010.泥棒追跡
【警戒】魔法に反応した黄色い点は、『危険』ではなく『注意』を示すものらしい。
取り敢えず、ちょっとした準備をして、様子を見ておくことにした。
黄色い点は、俺の背後から近づいてきてー
「ごめんよ!」
何かがぶつかった軽い衝撃とともに、そんな声が聞こえた。
「あっ!セイジ様、お金の袋が!」
エレナは、思わずさっきぶつかった人物を追いかけようと、駆け出したのだが…… 勢い余ってコケてしまった。
俺はとっさに、【クイック】の魔法を自分に掛けて、エレナが地面に激突する寸前で受け止めることに成功した。
「あ、セイジ様、ありがとうございます」
抱きつくような格好になってしまって、エレナは顔を真っ赤にしている。か、かわええ~
「ごめんなさい、私のせいで犯人を見失っちゃいました」
「大丈夫、金貨と銀貨はインベントリに移してあるから、あの袋には10ゴールドしか入れてなかったしね」
「そうだったんですか、いつの間に」
「うん、流石に99枚の金貨が重くって。それに、あの袋に魔法を掛けておいたから【追跡】も出来るよ」
「さすがです、セイジ様」
俺達は、犯人の追跡を開始した。
【追跡】の機能を使って、犯人の様子を見てみると…… 裏路地に隠れて、袋の中身を確認していた。

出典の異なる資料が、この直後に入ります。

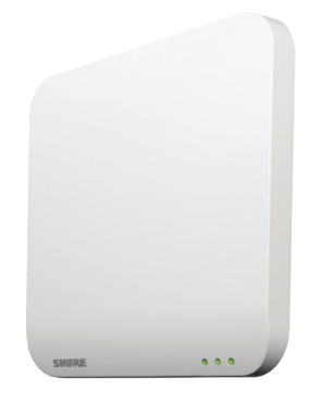
MXWAPT Access Point Transceiver

袋の中に10ゴールドが入っているのを見つけた犯人は、しっぽを振って喜んでいた。
「こっちみたいだ」
「はい」
エレナは何が楽しのか、ニコニコ顔で付いてくる。
更に犯人の行動を監視していると…… パン屋でパンを購入していた。
「どうやら犯人は、パンを5個買ったみたいだ」
「パンを5個も、よっぽどお腹が空いていたのでしょうか?」
「うーむ、パンは食べずに、何処かに運ぶみたいだ」
「なぞがなぞを呼びますね」
俺達は、さらに犯人の後を追った。
「ここが犯人のアジトですか?」
「ああ、ここに入っていった」
「でも、ここって、教会ですよ?」
「そうみたいだな。入ってみようか」
「はい」
俺達は、犯人が入っていった教会に足を踏み入れた。
教会の中は、ガランとしていて誰もいなかった。
「あっちの方で人の声が聞こえます」
俺達は、エレナの指差す奥の部屋へと進んだ。
奥の部屋に踏み入ると、犯人と出くわしてしまった。
「お前は、さっきの!」
犯人は、俺に襲いかかってきた。
俺が犯人の両手を捕まえると、犯人は足がつかなくなり、身動きが取れなくなってしまった。
「はなせ!」
俺に捕まり、すっかり借りてきたネコのようになってしまった犯人……
まあ、猫なんだけどね。
犯人は猫ミミ、猫しっぽの10歳くらいの女の子だった。
「セイジ様、こちらに来て下さい」
エレナが、更に奥の部屋から呼んでいる。
「そっちに行くな!」
犯人の女の子の必死の訴えを無視して奥の部屋に入ると……
シスターの格好をした24、5歳くらいの女の人が、粗末なベッドで苦しそうに寝ていた。病気で寝込んでいるのだろう。犯人の女の子は、この病気のシスターにパンを食べさせたかったらしい。
「その人の病気、重そうなのか?」
「だいぶ苦しそうです、私が魔法で治してみます」
エレナはシスターの額に手を載せて、魔法を唱え始めた。
「ま、魔法!」
犯人の女の子は俺に両手を掴まれ、ぶら下がったままエレナの魔法に驚いていた。
エレナの魔法が発動し、シスターの体が光に包まれると、シスターはだいぶ苦しさが減ったようで、静かに眠っていた。
「な、治ったの?」
「時間を置いて、後何回か魔法をかけたら、良くなるはずです」
「あ、ありがとう」
犯人の女の子は、エレナにお礼を言った。
すると、3人の子どもたちがどこからか出てきた。おそらく、何処かに隠れていたのだろう。
3人は5~8歳くらいで、みんな少し痩せていた。
「シスター、しなない?」
「大丈夫よ、魔法で病気を軽くしたから」
「おねえちゃん、ありがとう」
子どもたちは、口々にお礼を言った。